On August 1, the USD/JPY fell sharply by about 3 yen, which was referred to as the "employment statistics shock," but after the week starting August 4, it continued to decline to the 146 yen range several times, although it showed a relatively hesitant downward trend. The reason for this is likely due to a pause in the rapid contraction of the interest rate differential between Japan and the United States (USD superiority and JPY inferiority) that occurred due to the "employment statistics shock" (see Chart 1).

[Figure 1] USD/JPY and the US-Japan 2-Year Bond Yield Spread (From April 2025) Source: Created by Monex Securities based on data from Refinitiv. So why has the narrowing of the interest rate differential between Japan and the U.S. paused since this week (the week of August 4)? The main reason is likely due to the pause in the sharp decline of U.S. interest rates caused by the "employment statistics shock." The U.S. 2-year Treasury yield, which reflects monetary policy, dropped significantly from the 3.9% range before the employment statistics were released to near 3.7% after the announcement, a decline of over 0.2%. However, this week, there has been a noticeable reluctance to continue falling (see Chart 2).
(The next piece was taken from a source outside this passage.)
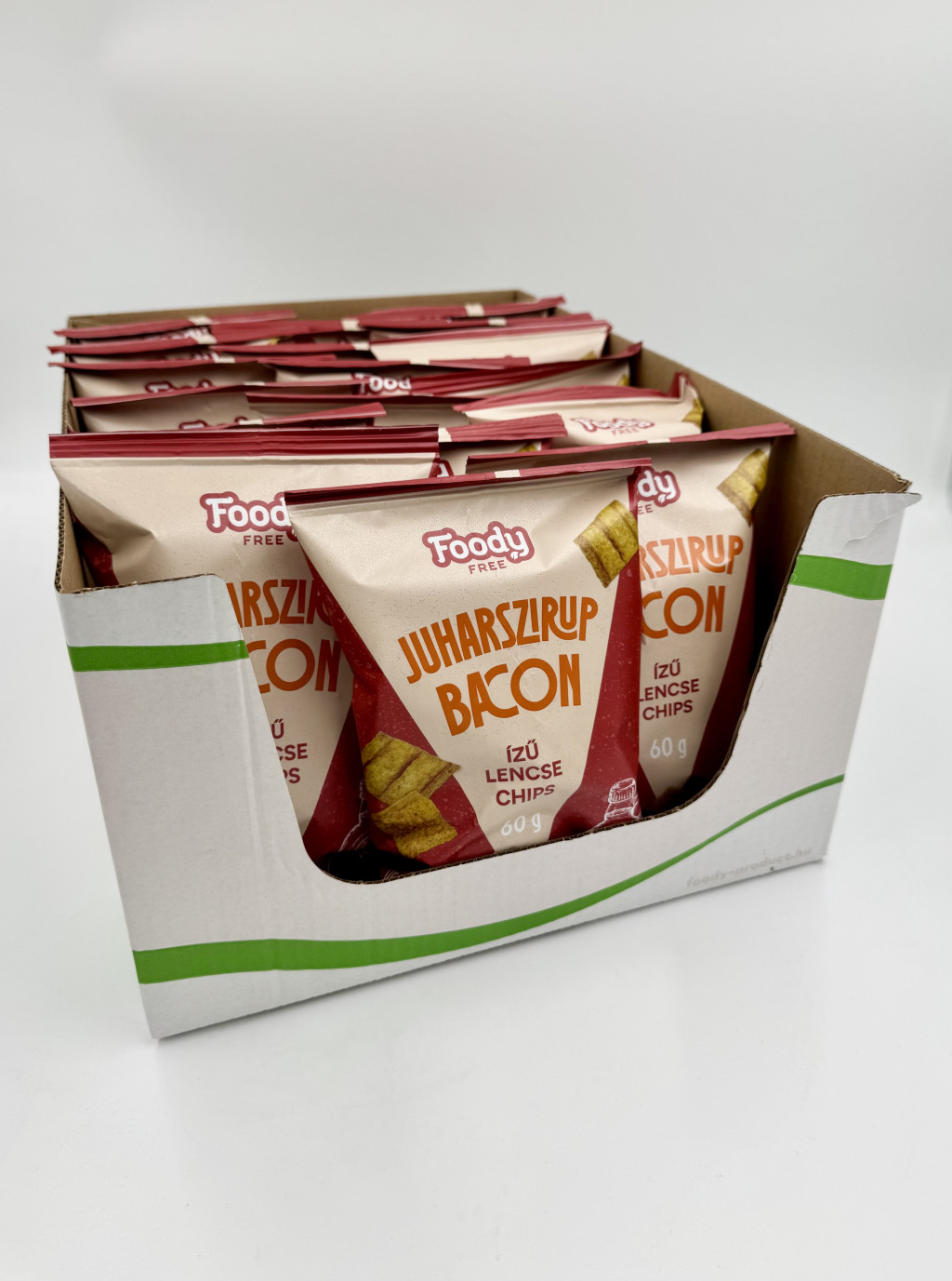 FOODY FREE INTENSE juharszirup-bacon ízű hummus chips. Összetevők: csicseriborsóliszt 28%, kukoricaliszt, rizsliszt, finomított napraforgó étolaj, barbecue ízű fűszerkészítmény 3,9% [ aromák, füstaroma, cukor, étkezési só,rizsliszt,fruktóz,maltodextrin,savanyúságot szabályozó anyag: natrium-diacetát,glükóz ]
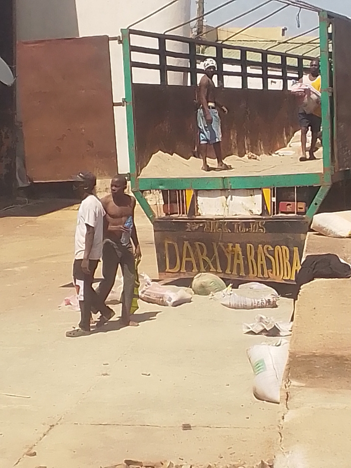 An outdoor scene depicts four adult males engaged with a cargo truck under bright daylight. The truck features a green frame and dark brown cargo bed, with "DARIYA BASOBA" emblazoned in gold letters on its rear. The truck bed contains a substantial pile of light-colored granular material and several white sacks. Two men are on the ground near the truck's rear. The man on the left wears a white t-shirt, dark pants, and a dark cap, facing a bare-chested man in dark pants who holds a clear plastic bottle. Both appear to be conversing. Inside the truck bed, a bare-chested man with a white head covering stands on the granular material. To his right, another man, wearing a yellow tank top and dark shorts, carries a white sack over his shoulder. Scattered on the light-colored, unpaved ground near the truck are several white and light green sacks. A light-colored building with a large open brown door is visible in the background to the left. The location is an unpaved commercial or industrial area in an unknown city.

So why did the yield on the US 2-year Treasury bond struggle to decline this week?

[Figure 2] Japan-US 2-Year Bond Yield (From January 2025) Source: Created by Monex Securities from Refinitiv data.

Incorporating Early Rate Cuts Resumed in Just One Day = "Employment Statistics Shock"

As mentioned above, the yield on the US 2-year Treasury moves in line with monetary policy. Therefore, when the view strengthens that the Federal Funds rate (FF rate), which is the policy interest rate in the US, will be lowered early, it will generally decline significantly in anticipation of the drop in the FF rate (see Chart 3).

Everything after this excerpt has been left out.